The previous weekend there had been an unexpected gap in my social calendar, which had meant I got to spend the entirety of the weekend lounging around my apartment, catching up on my TiVo and meaning to clean. It had been nice to spend some time not contending with my failed relationships and the problem of Henry. It had been even nicer not making an ass of myself all around Boston. It was like a deep breath of a weekend.
And now that it was November, the holiday season was in full swing. I had one party or another to attend every single weekend for the remainder of the year, up to and including a huge New Year’s eve bash a friend of ours was throwing out on the Cape.
On the one hand, it was exciting to have a vital and energetic social schedule. On the other hand, I was going to have to deal with the post-traumatic stress of my breakup with Nate at almost every single one of those parties, and by post-traumatic stress I meant not just my emotions but Helen.
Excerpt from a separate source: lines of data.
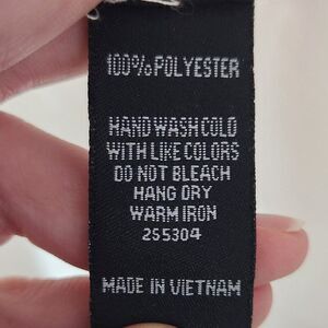Fabric Care Instructions: Hand wash cold with like colors, do not bleach, hang dry, warm iron.
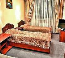 В оснащение стандартного номера входят две односпальные кровати, телевизор, мини-холодильник, телефон, электрический чайник, чайный набор, душевая кабина, фен для сушки волос, халат и тапочки.
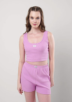 Пижама молодежная из трикотажного полотна «кашкорсе» с набивным рисунком состоящая из майки-топа и шорт. Футболка – полуприлегающего силуэта, с короткими втачными рукавами, горловиной овальной формы, окантованной основным материалом. По горловине выполнена декоративная строчка «кроше» контрастными нитками. Нижний срез рукавов и низ изделия обработаны узкой обметочной, создающей красивый волнистый край.Шорты - укороченные, расширенные книзу, с эластичной тесьмой по талии. Нижние срезы шорт обработаны узкой обметочной строчкой контрастного цвета, создающей красивый волнистый край.
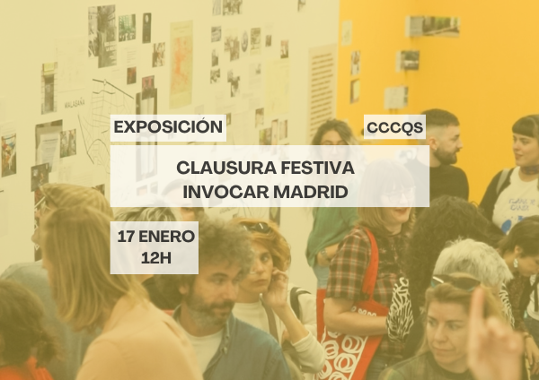 Clausura festiva invocar Madrid Visionado y conversación Ellas en la ciudad - Reyes Gallegos Entre el hormigón y las pipas: una conversación con Aida dos Santos y Esther L Calderon CAPSULAS TANDEM - LANZARSE A LA DERIVA Cine de andada CONVOCATORIA MEDIACIÓN EN RESIDENCIA Exposicion Alteridades poéticas & Subversiones identitarias exposición Invocar Madrid La Liminal grupo de investigación SICK mediación en residencia -(Fu)Turismos – Ecologías del agotamiento ciclo masculinidades subalternas TANDEM 10
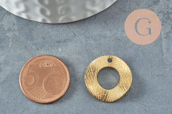 Conectores circulares texturizados de latón crudo perforados de 20 mm, creación de joyas colgantes geométricas, x5 (G2760)

I was exhausted just thinking about it. I certainly didn’t need to discuss it with the person who caused it all.
Across the room, Helen let out one of her donkey laughs and then looked up. Our eyes met. Hers narrowed, and I felt a flush of panic.
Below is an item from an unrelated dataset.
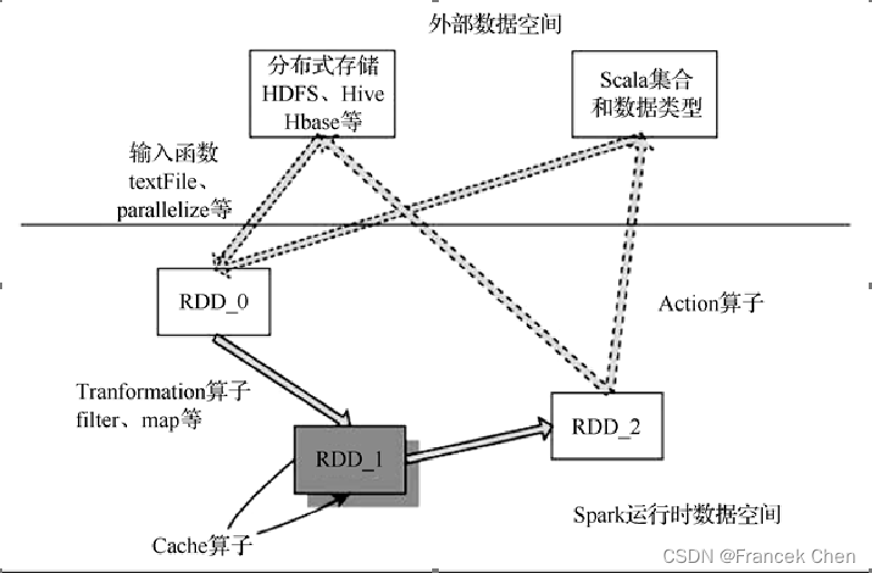 Spark将数据抽象成弹性分布式数据集(Resilient Distributed Dataset,RDD),RDD实际是分布在集群多个节点上数据的集合,通过操作RDD对象来并行化操作集群上的分布式数据。

Realizing that sitting still made me a big royal blue target, I jumped to my feet and headed out of the banquet room. I was looking around at the grandeur, should anyone ask—which meant, obviously, that I was hiding. I had exhausted the lobby after a few turns around the perimeter, had eyed every piece of Boston and/or Red Sox paraphernalia in the gift shop, and was resigning myself to reentering the party when the elevator directly in front of me opened.
Inside, Henry pushed a skinny brunette away from his body and looked up. Our eyes met.
The fact that he was evil made him hotter than the sum of his actual body parts, I thought in that brief, searing moment, like Sark on Alias. And maybe he wouldn’t even be quite so evil if he weren’t quite so delectable.
I would have to think about that. Later.
“Hello, Gus,” Henry said. It was the way he said my name that I objected to, I thought. As if it meant something else entirely in his language.
He stepped from the elevator, tugging the leggy brunette in his wake. She looked lazy and postcoital, not that you could tell that anything had gone on from the state of her sleek blowout, which remained perfect. Henry looked the way he always did: gorgeous. And, when looking at me, also secretly amused.